Reputation: 349
I have csv files being pushed to Google Storage and a pubsub subscription that notifies me when they arrive. What I'm trying to accomplish is writting a beam program that will grab the JSON data from the pubsub subscription parse out the file location and then read the csv file from GS and then process those. I have a process that will process read the pubsub and then process it into a pcollection. So far I have this:
Options options = PipelineOptionsFactory.fromArgs(args).withValidation().as(Options.class);
final String output = options.getOutput();
Pipeline pipeline = Pipeline.create(options);
PCollection<String> input = pipeline.apply(PubsubIO.readStrings().fromSubscription(StaticValueProvider.of("beamsub")));
PCollection<String> files = input.apply(ParDo.of(new ParseOutGSFiles()));
now i need to do something like this:
pipeline.apply("ReadLines", TextIO.read().from(FILEsFROMEARLIER).withCompressionType(TextIO.CompressionType.GZIP))
any ideas or is this not possible...it seems like it should be easy
Thanks in advance
Upvotes: 0
Views: 859
Reputation: 511
The natural way to express your read would be by using TextIO.readAll() method, which reads text files from an input PCollection of file names. This method has been introduced within the Beam codebase, but is not currently in a released version. It will be included in the Beam 2.2.0 release and the corresponding Dataflow 2.2.0 release.
Your result code would look something like
Options options = PipelineOptionsFactory.fromArgs(args)

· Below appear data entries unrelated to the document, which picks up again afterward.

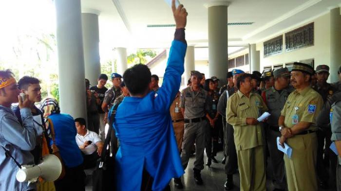 BANGKAPOS.COM,BANGKA-- Sejumlah aktivis Pergerakan Mahasiswa Islam Indonesia (PMII) di Gedung kantor Gubernur Bangka Belitung, Rabu (12/1/2016) pagi tadi sempat melakukan orasi.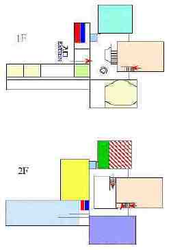 博物館には4つの収蔵庫があります.2Fの紫で示した部分と,さらにその上の3Fの部分に2部屋づつあります.ピンクの第二展示室から階段を上がってすぐ,2階のギャラリー展示の間に見える扉がそれです.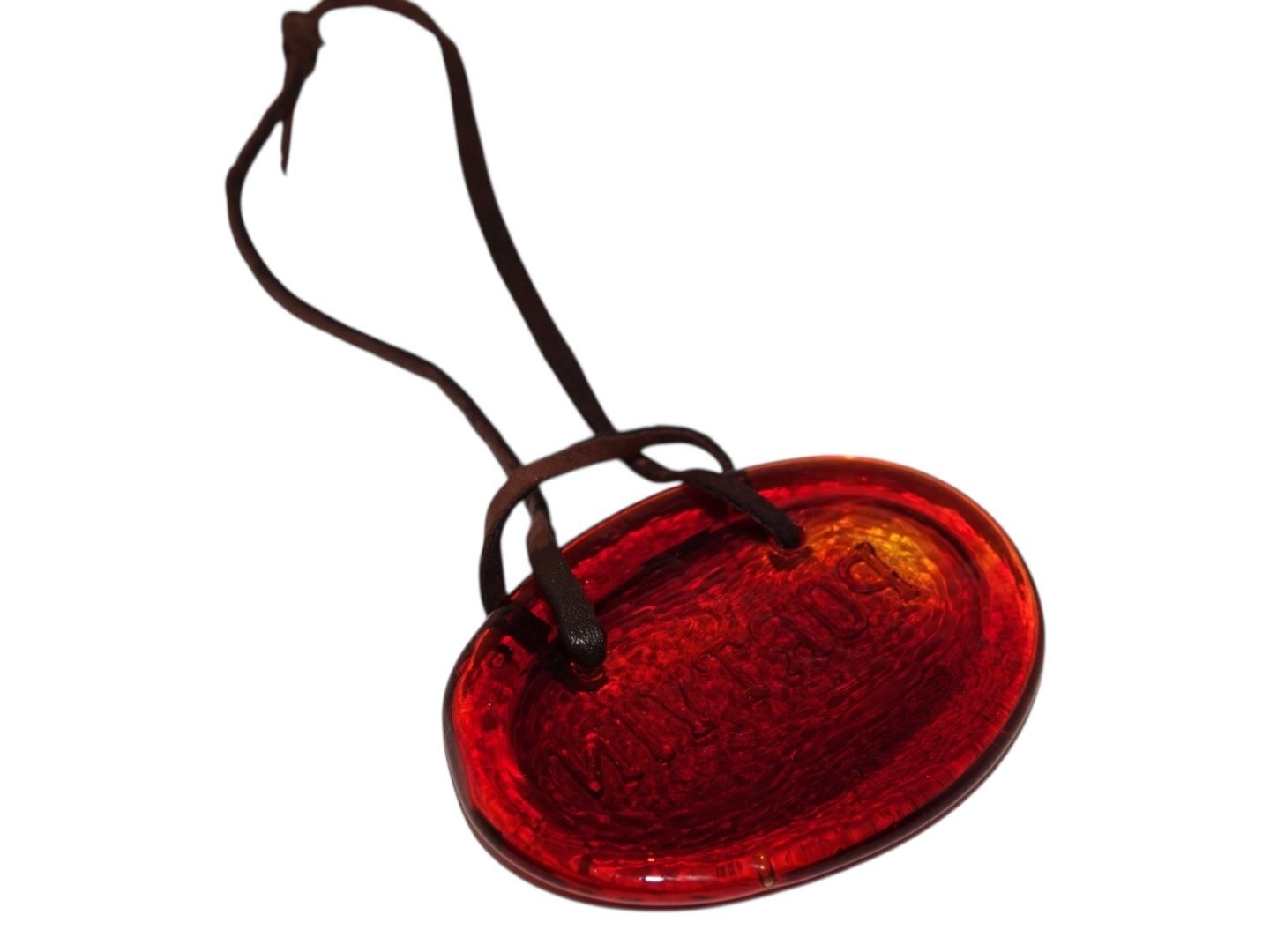 Holmegaard stort PORTVIN skilt i orangerødt glas fra 1970'erne.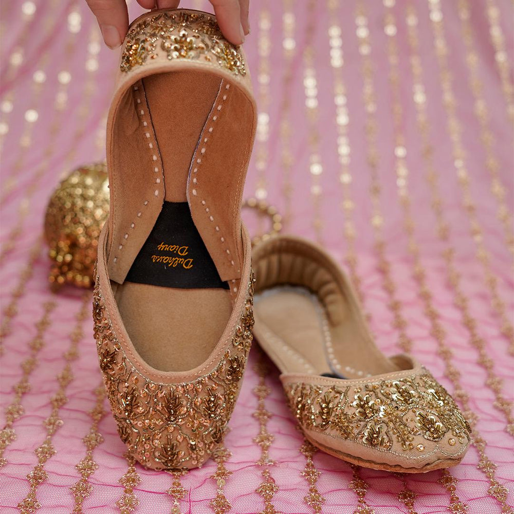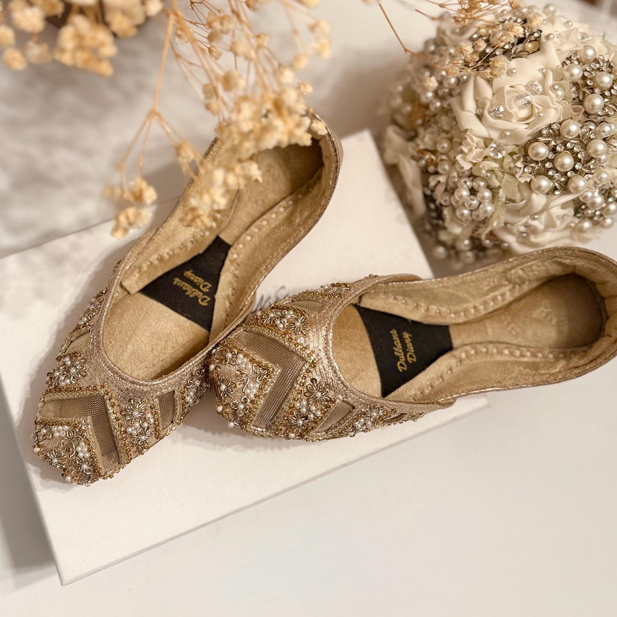 Handmade Gold Bridal Jutti: Cutwork Embroidered Khussa Shoes

.withValidation().as(Options.class);
final String output = options.getOutput();
Pipeline pipeline = Pipeline.create(options);
PCollection<String> files = pipeline
.apply(PubsubIO.readStrings().fromSubscription("beamsub"))
.apply(ParDo.of(new ParseOutGSFiles()));
PCollection<String> contents = files
.apply(TextIO.readAll().withCompressionType(TextIO.CompressionType.GZIP));
Upvotes: 1